L’économie des festivals gros ou petits repose en effet plus que jamais sur la présence de bénévoles, surtout dans un contexte où les cachets des artistes ont tendance à augmenter et les financements publics à diminuer. Exemple avec le festival Vie sauvage, créé en 2012 à Bourg-sur-Gironde qui repose quasiment entièrement sur du bénévolat. Seul un régisseur est salarié au moment du festival, sur la cinquantaine de bénévoles présents. D’ailleurs, la plupart des festivals sont beaucoup sollicités et reçoivent même plus de demandes que nécessaire. Au Reggae Sun ska, cette année, 750 personnes ont demandé à être bénévoles pour environ 600 « places ».
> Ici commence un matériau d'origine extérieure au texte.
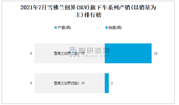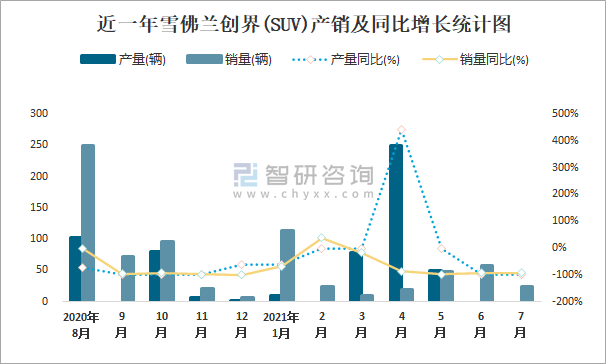 根據中國汽車工業協會數據可知:2021年7月雪佛蘭創界(SUV)產量為0輛,同比下降100%,銷量為25輛,同比下降92%,當月產銷率為0;2021年1-7月雪佛蘭創界(SUV)累計產量為388輛,同比增長94%,累計銷量為298輛,同比下降90.8%,累計產銷率為76.8%;2019-2020年雪佛蘭創界(SUV)產銷量大幅度下滑,且近2年總產量大于總銷量,積壓了庫存178輛。

Entre cooptation et ouverture
Sans être fermé, le monde des bénévoles a recours à une forme de cooptation pour « recruter ses membres » d’où la surreprésentation de quelques catégories dans certains festivals. Il forme en quelque-sorte une grande famille. Une famille où devenus potes, coups de main, conseils et partage d’idées sont monnaies courantes. Aux Nuits atypiques par exemple, où l’on trouve beaucoup d’éducateurs, de professeurs, d’agents Sncf et de retraités, des professions qui ont comme point commun d’avoir du temps, le goût des autres et celui de côtoyer du public.
Les rugbymen sont également bien représentés que ce soit à Langon ou à Luxey. Au Reggae Sun Ska, deux tiers des quelques 600 bénévoles (800 en 2013) sont constitués d’habitués qui exercent des métiers divers, le reste des nouveaux étant sélectionnés en partie via le site internet du festival.
De nombreux étudiants viennent aussi grossir les rangs ainsi que des personnes qui tâtent le terrain avant de se lancer dans les métiers du spectacle. Faire une pause dans sa vie, rencontrer de nouvelles têtes, s’éclater ou se former, chacun peut y trouver son compte ou pas.
INFOS
Satiradax Dax(40)
Vie sauvage 13, 14 et 15 juin à Bourg-sur-Gironde (33)
www.nuitsatypiques.org du 21 au 27 juillet à Langon (33)
www.reggaesunska.com du 31 juillet au 3août à Bordeaux (33)
www.musicalarue.com du 14 au 16 août à Luxey (40)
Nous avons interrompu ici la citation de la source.